A medicina, em Linha Mortal, é um saber cercado de morte por todos os lados — e incapaz de responder às grandes questões que provoca.

A estética do filme, aliás, revela essa tensão entre racionalismo e transcendência de maneira precisa. Os personagens circulam por espaços apertados, sempre à noite, com reflexos metálicos e sombras engolindo os corpos. É como se a luz — símbolo da razão — estivesse permanentemente em crise, em suspensão.

 Os protagonistas estão presos entre dois mundos: o da ciência objetiva, que falha ao explicar a subjetividade; e o da fé, que não se manifesta. E é nesse vácuo que a experiência da quase-morte acontece: não como revelação mística, mas como catarse psíquica. A religião está ausente, mas o desejo por redenção permanece. Como se, mesmo num mundo pós-moderno e cético, o ser humano ainda desejasse ser perdoado por algo, mesmo que não saiba mais por quem. Por isso, a medicina é mostrada não como resposta, mas como tentativa frustrada de domesticar o insólito. Os cinco jovens médicos não têm domínio sobre a morte — apenas arrogância. E ao desafiar o que há de mais sagrado, pagam o preço com a própria sanidade.

Joe Hurley (Baldwin), ao ver seu mundo ruir sob a acusação das mulheres que enganou, clama por Deus não em fé, mas em desespero. Sua racionalidade não dá conta do vazio que o confronta. O ateísmo pragmático dos personagens, ao ser confrontado com as consequências emocionais de seus atos, se mostra frágil. É como se todos eles percebessem que a culpa exige um horizonte ético maior do que a técnica permite. E, no final, o que resta não é um manual científico, mas um gesto humano: pedir perdão, encarar a dor, aceitar a falha.

Linha Mortal afirma que não existe conhecimento verdadeiro sem dor. A única forma de seguir adiante é olhar para trás, reconhecer o erro, e transitar entre as sombras.  Não se trata de descobrir o que há depois da morte, mas de aprender a viver com o que a vida deixa mal resolvida.

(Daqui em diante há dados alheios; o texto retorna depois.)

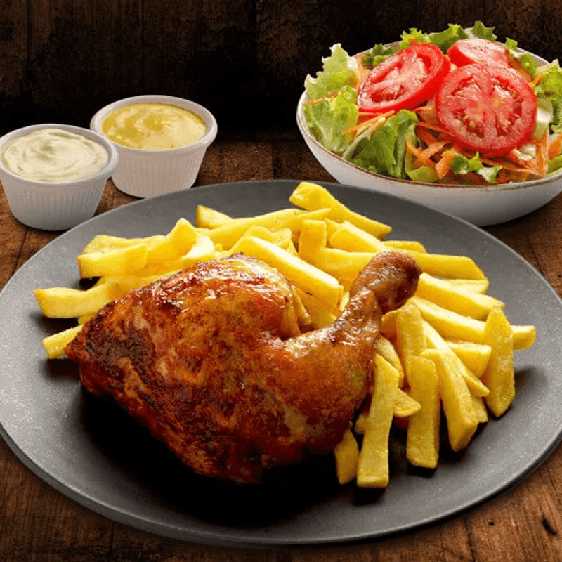 Cocinado lentamente al carbón, el pollo alcanza ese punto perfecto en el que la piel queda crujiente y dorada, mientras la carne permanece tierna, jugosa y llena de sabor. Es la porción perfecta para disfrutar una comida completa sin excesos, con todo el gusto de la brasa tradicional peruana.

 A morte, aqui, não encerra:  se revela. Expõe. Obriga. Por isso, o filme não busca solucionar o mistério — ele o aprofunda. E ao fazê-lo, nos obriga a reconhecer que não há ciência capaz de extinguir o peso das escolhas malfeitas, nem fé que absolva sem verdadeiramente reconhecer a culpa. Talvez seja por isso que Linha Mortal continua sendo uma obra relevante, apesar do tempo. Porque fala de algo que atravessa todas as épocas: a tensão entre razão e sentimento, ciência e fé, erro e perdão. E porque nos lembra, com sua estética gótica e sua psicanálise implícita, que o maior horror não está na morte em si, mas na impossibilidade de fugir de quem somos — mesmo depois dela.